- _STORED DATA_
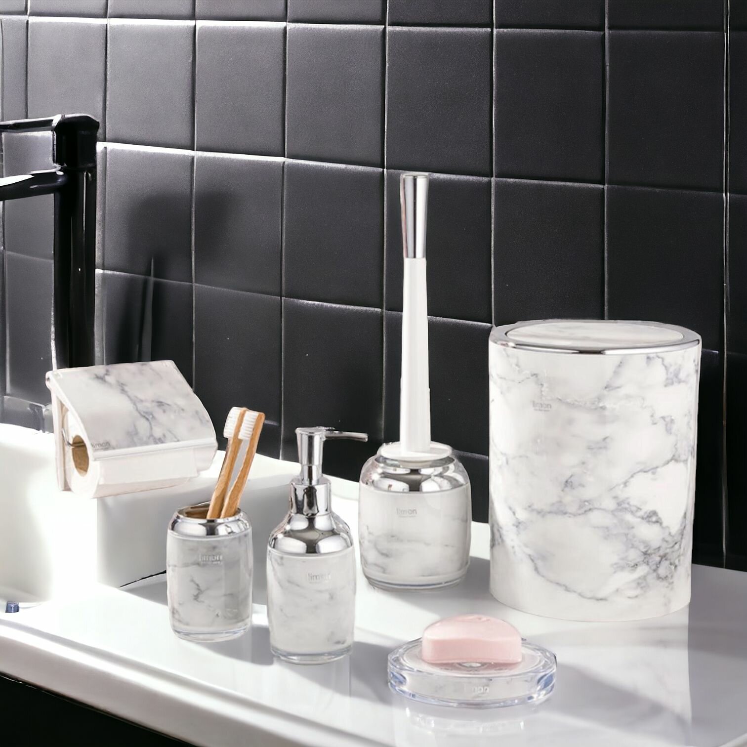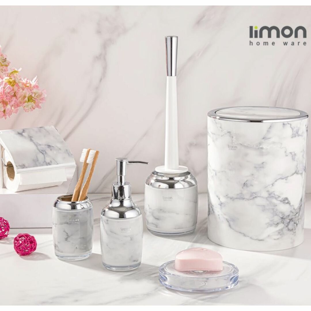 Стильный набор для ванной комнаты и туалета из мусорного ведра, ершика на подставке, мыльница, дозатор для жидкого мыла а также держатель для туалетной бумаги, от известного иранского бренда Limon отлично впишется в интерьер любой современной ванной комнаты или туалета и будет радовать Вас своим дизайном, качеством и удобством в использовании. Компания Limonware уделяет особое внимание качеству и дизайну своей продукции. Набор аксессуаров для ванной комнаты изготовлен из высококачественного абс пластика и акрила. Ведро для мусора имеет объем 5,5л. 19х19х25см. высота ершика 38см. размер подставки 9х9х13см. Поверхность поставки для ершика и ведро глянцевые, визуально смотрятся как стеклянные. Ершик для унитаза сборный, состоит из трех закручивающихся частей, что позволяет менять щетку при необходимости. Ведро для мусора можно использовать не только в ванной комнате, туалете, но и на кухне и в офисе. Крышка ведра открывается от легкого прикосновения. Набор аксессуаров для ванной комнаты и туалета в красивой подарочной упаковке- отличный подарок как для себя, так и для родных и близких на любой праздник и событие! Приятных Вам покупок! Мусорное ведро и ершик на подставке для ванной комнаты и туалета , ершик на подставке для унитаза , мусорное ведро для туалета , маленькое мусорное ведро для кухни , ершик для туалета , мусорное ведро в ванную комнату , аксессуары для ванной комнаты , аксессуары для туалетной комнаты , мусорное ведро , маленькое ведро для мусора .
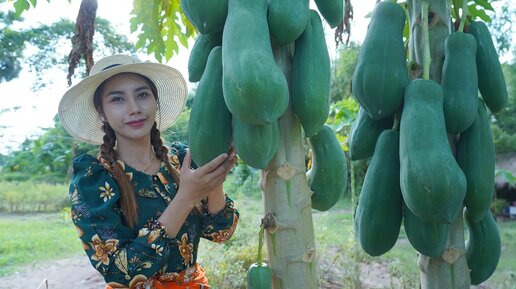 Свежая папайя в деревне и рецепт салата из папайи 🍈 | Деревенская жизнь
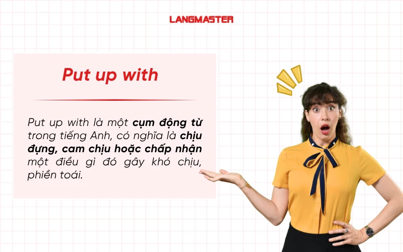 Put up with là một cụm động từ trong tiếng Anh, có nghĩa là chịu đựng, cam chịu hoặc chấp nhận một điều gì đó gây khó chịu, phiền toái. Thường dùng để nói về sự kiềm chế cảm xúc, sự không hài lòng nhưng vẫn tiếp tục chịu đựng thay vì cố gắng thay đổi tình hình.
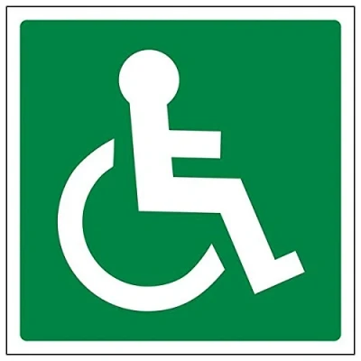 Helps to fulfil obligations to identify escape routes in a fire emergency for all members of staff and visitors as per Health and Safety (Safety Signs & Signals) Regulations 1996 Conforms to EN ISO 7010:2012 by featuring a green background with a white pictogram or text positioned centrally Square Orientation. Sign features ISO compliant Right Facing Wheel Chair Logo Highly durable Self Adhesive Vinyl material and screen printed message will stand the test of time Sign measures 150 x 150mm. Self Adhesive material will adhere securely to most surfaces
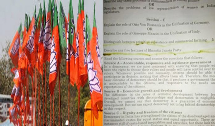 ಸಿಬಿಎಸ್ಇ 10 ನೇ ತರಗತಿ ಪರೀಕ್ಷೆಯಲ್ಲಿ ಬಿಜೆಪಿ ಪಕ್ಷದ ಲಕ್ಷಣಗಳನ್ನು ಬರೆಯುವಂತೆ ಕೇಳಲಾಗಿದೆ. ಕೇರಳದ ತಿರುವನಂತಪುರದ ಸಾಮಾಜಿಕ ಅಧ್ಯಯನ ಪ್ರಶ್ನೆಪತ್ರಿಕೆಯ ಕಡ್ಡಾಯ ವಿಭಾಗದಲ್ಲಿ 5 ಅಂಕಗಳನ್ನು ಹೊಂದಿರುವ ಈ ಪ್ರಶ್ನೆ ಹೊಸ ವಿವಾದ ಹುಟ್ಟುಹಾಕಿದೆ.
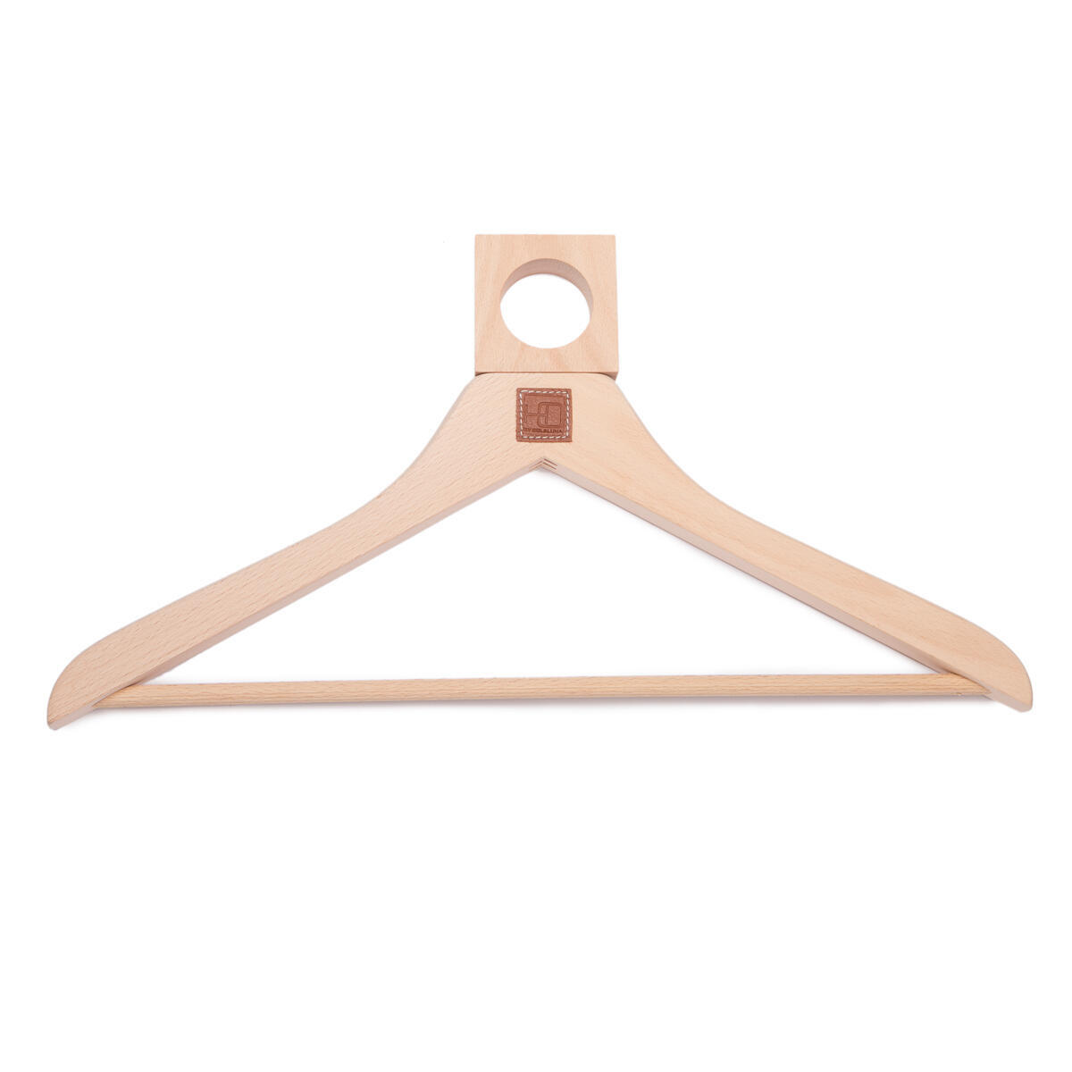 Descripción: Percha en madera natural de haya especial para chaquetas, pantalones y camisas. Sistema de imán antirrobo para hoteles.
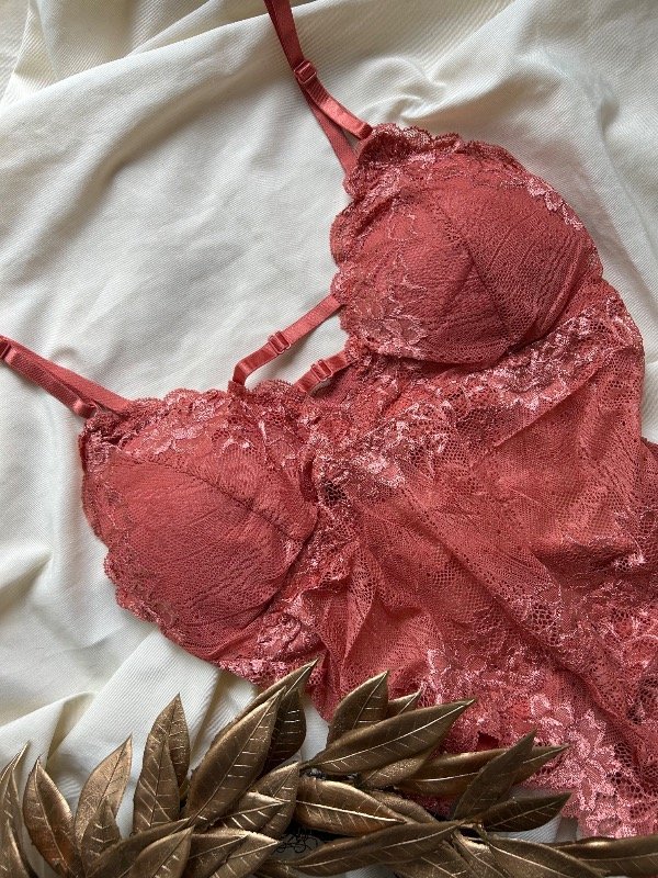Body colales de encaje elástizado. Cuenta con avíos metálicos y ajuste en parte baja con gancho de 3 posiciones. El corpiño tiene incorporado taza blanda.La espalda es abierta en la parte superiores.
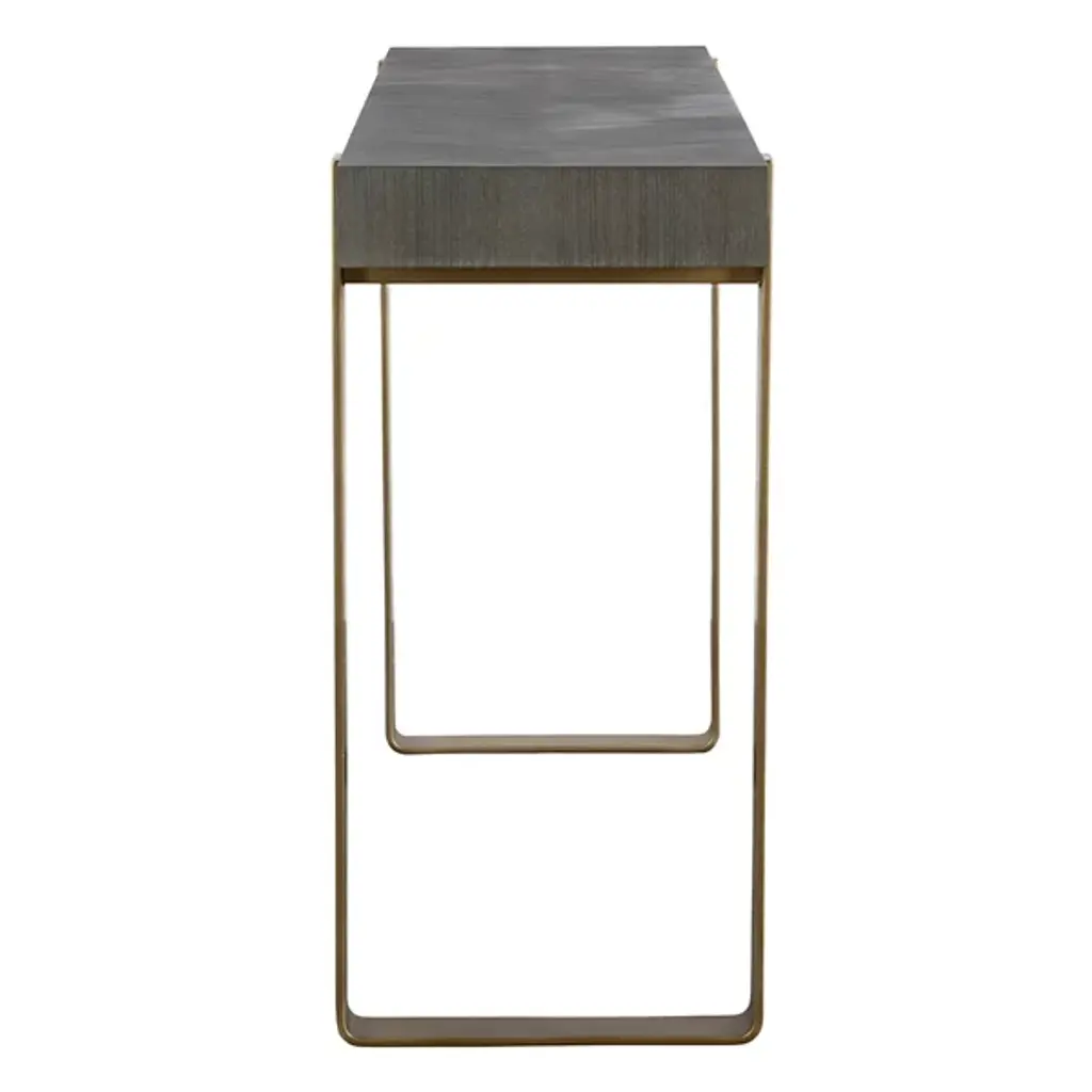 The Kea Console Table from Uttermost combines contemporary flair with Mid-Century Modern vibes. Designed by Revelation Design, it's a friendly invitation to elevate your home decor with a touch of timeless elegance and retro allure. Its standout feature is the diamond ash veneer top, finished in a rich dark walnut stain with subtle light gray glazing supported by iron strap-style legs in a warm brushed brass finish. This console table exudes a perfect blend of sophistication and vintage charm.
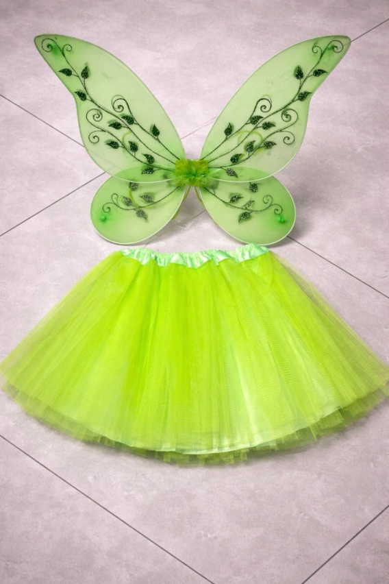Bajkowy strój motylka idealny na bal przebierańców, przedstawienie szkolne lub urodziny. Intensywnie zielona spódniczka i kolorowe skrzydła tworzą efektowną, wiosenną stylizację.
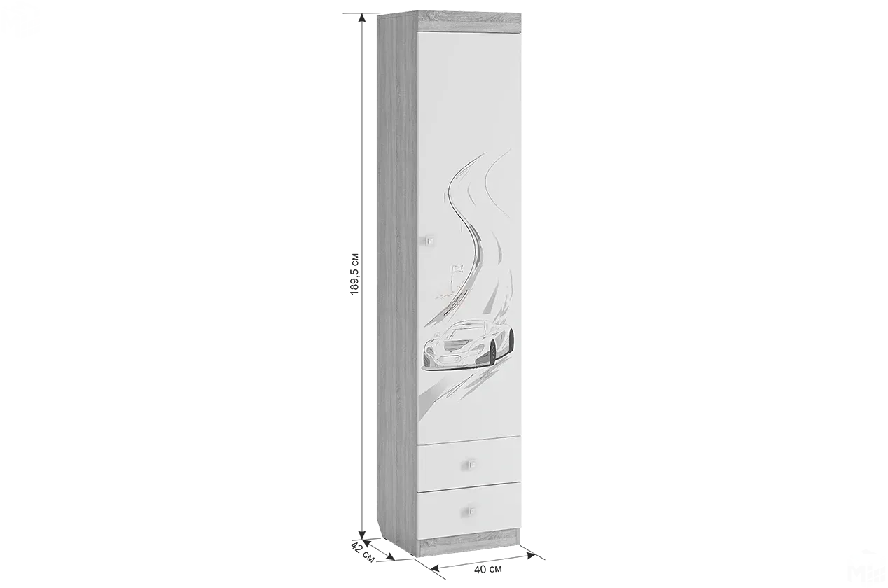Вместительный шкаф «Форсаж» – мечта каждого мальчика. Штанга для одежды и 2-а выдвижных ящика для белья - отличное решение для детской. Эффектный принтерный рисунок на фасадах выдержан в общем стилистическом решении. Рисунок устойчив к истиранию и ультрафиолету.

- _EXERCISE OBJECTIVE_
Without any picture, return exactly the lines of the records above from the first through the line that contains "Put up with".

- _EXERCISE RESPONSE_
 Стильный набор для ванной комнаты и туалета из мусорного ведра, ершика на подставке, мыльница, дозатор для жидкого мыла а также держатель для туалетной бумаги, от известного иранского бренда Limon отлично впишется в интерьер любой современной ванной комнаты или туалета и будет радовать Вас своим дизайном, качеством и удобством в использовании. Компания Limonware уделяет особое внимание качеству и дизайну своей продукции. Набор аксессуаров для ванной комнаты изготовлен из высококачественного абс пластика и акрила. Ведро для мусора имеет объем 5,5л. 19х19х25см. высота ершика 38см. размер подставки 9х9х13см. Поверхность поставки для ершика и ведро глянцевые, визуально смотрятся как стеклянные. Ершик для унитаза сборный, состоит из трех закручивающихся частей, что позволяет менять щетку при необходимости. Ведро для мусора можно использовать не только в ванной комнате, туалете, но и на кухне и в офисе. Крышка ведра открывается от легкого прикосновения. Набор аксессуаров для ванной комнаты и туалета в красивой подарочной упаковке- отличный подарок как для себя, так и для родных и близких на любой праздник и событие! Приятных Вам покупок! Мусорное ведро и ершик на подставке для ванной комнаты и туалета , ершик на подставке для унитаза , мусорное ведро для туалета , маленькое мусорное ведро для кухни , ершик для туалета , мусорное ведро в ванную комнату , аксессуары для ванной комнаты , аксессуары для туалетной комнаты , мусорное ведро , маленькое ведро для мусора .
 Свежая папайя в деревне и рецепт салата из папайи 🍈 | Деревенская жизнь
 Put up with là một cụm động từ trong tiếng Anh, có nghĩa là chịu đựng, cam chịu hoặc chấp nhận một điều gì đó gây khó chịu, phiền toái. Thường dùng để nói về sự kiềm chế cảm xúc, sự không hài lòng nhưng vẫn tiếp tục chịu đựng thay vì cố gắng thay đổi tình hình.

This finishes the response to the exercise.